Here is the situation right after a phosh crash, with some part of the session still stuck running:
dmesg (doesn't show anything interesting):
[ 296.336076] elogind-daemon[3177]: Watching system buttons on /dev/input/event6 (Bluetooth keyboard Consumer Control)
[ 296.346573] elogind-daemon[3177]: Watching system buttons on /dev/input/event7 (Bluetooth keyboard System Control)
[ 296.347178] elogind-daemon[3177]: Watching system buttons on /dev/input/event5 (Bluetooth keyboard Keyboard)
[ 322.223520] alloc_contig_range: [b0e00, b106b) PFNs busy
[ 322.223756] alloc_contig_range: [b0f00, b116b) PFNs busy
[ 325.473930] alloc_contig_range: [b0e00, b106b) PFNs busy
[ 325.474161] alloc_contig_range: [b0f00, b116b) PFNs busy
[ 330.648017] alloc_contig_range: [b0e00, b1190) PFNs busy
[ 330.648387] alloc_contig_range: [b0f00, b1290) PFNs busy
[ 330.774572] alloc_contig_range: [b0e00, b1190) PFNs busy
[ 330.774853] alloc_contig_range: [b0f00, b1290) PFNs busy
[ 332.505612] alloc_contig_range: [b0e00, b106b) PFNs busy
[ 332.505920] alloc_contig_range: [b0f00, b116b) PFNs busy
[ 393.008399] alloc_contig_range: [b0e00, b1190) PFNs busy
[ 393.008951] alloc_contig_range: [b0f00, b1290) PFNs busy
[ 403.095029] alloc_contig_range: [b0e00, b106b) PFNs busy
[ 403.095323] alloc_contig_range: [b0f00, b116b) PFNs busy
[ 463.411703] alloc_contig_range: [b0e00, b1190) PFNs busy
[ 463.415560] alloc_contig_range: [b0f00, b1290) PFNs busy
[ 536.430685] alloc_contig_range: [b0e00, b106b) PFNs busy
[ 536.430939] alloc_contig_range: [b0f00, b116b) PFNs busy
[ 543.189138] alloc_contig_range: [b0e00, b1190) PFNs busy
[ 543.189365] alloc_contig_range: [b0f00, b1290) PFNs busy
[ 711.607363] IPv6: ADDRCONF(NETDEV_CHANGE): wlan0: link becomes ready
[ 1844.019728] elogind-daemon[3177]: Suspending system...
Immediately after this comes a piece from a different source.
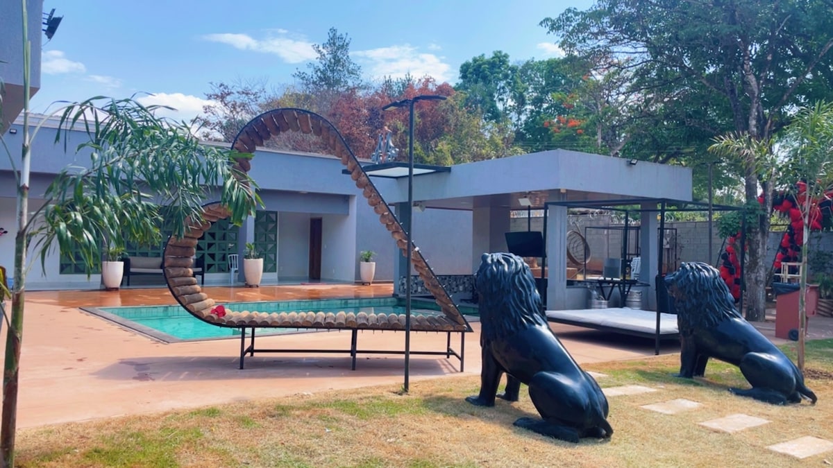 Chácara Piscina Climatizada e Lareira - 5’ Goiânia

[ 1844.019782] PM: suspend entry (s2idle)
[ 1844.024282] Filesystems sync: 0.004 seconds
[ 3881.797537] IPv6: ADDRCONF(NETDEV_CHANGE): wlan0: link becomes ready
[12301.094596] IPv6: ADDRCONF(NETDEV_CHANGE): wlan0: link becomes ready
[19184.426138] rfkill: input handler enabled
phosh & phoc are dead:
$ ps aux | grep lightdm
3137 root 0:00 supervise-daemon lightdm --start /usr/bin/lightdm --
9029 root 0:00 /usr/bin/lightdm
9035 user 0:00 grep lightdm
$ ps aux | grep phosh
9037 user 0:00 grep phosh
$ ps aux | grep phoc
9039 user 0:00 grep phoc
$ ps aux | grep session
9102 root 0:00 lightdm --session-child 11 14
9108 user 0:00 grep session
.xsession-errors:
$ cat ~/.xsession-errors
$
Really looks like it's just not even bothering to restart, with something keeping the session still alive exactly as @afontain suggested.
So now let me try to kill the session:
$ sudo kill 9102
[sudo] password for user:
$ ps aux | grep session
9117 user 0:00 grep session
$ ps aux | grep phoc
9119 user 0:00 grep phoc
$ ps aux | grep phosh
9121 user 0:00 grep phosh
$ ps aux | grep lightdm
3137 root 0:00 supervise-daemon lightdm --start /usr/bin/lightdm --
9110 root 0:00 /usr/bin/lightdm
9123 user 0:00 grep lightdm
Let's look at .xsession-errors again:
$ cat ~/.xsession-errors
(phoc:9063): phoc-wlroots-CRITICAL **: 21:34:33.759: [backend/session/logind.c:161] Failed to get session path: Operation timed out
(phoc:9063): phoc-wlroots-CRITICAL **: 21:34:33.760: [backend/session/direct-ipc.c:35] Do not have CAP_SYS_ADMIN; cannot become DRM master
(phoc:9063): phoc-wlroots-CRITICAL **: 21:34:33.760: [backend/session/session.c:96] Failed to load session backend
(phoc:9063): phoc-wlroots-CRITICAL **: 21:34:33.760: [backend/backend.c:195] failed to start a session
(phoc:9063): phoc-wlroots-CRITICAL **: 21:34:33.760: [backend/backend.c:235] failed to start backend 'drm'
(phoc:9063): phoc-server-ERROR **: 21:34:33.761: Could not create backend
dmesg has no new messages at this point. So nothing useful there about what is going on.
So the kernel won't allow it to get graphics access again, that seems bad. I suggest might be worth fixing, since on the run e.g. in public transportation with no other device at hand to SSH into it, the device becomes unusable until it is hard reset.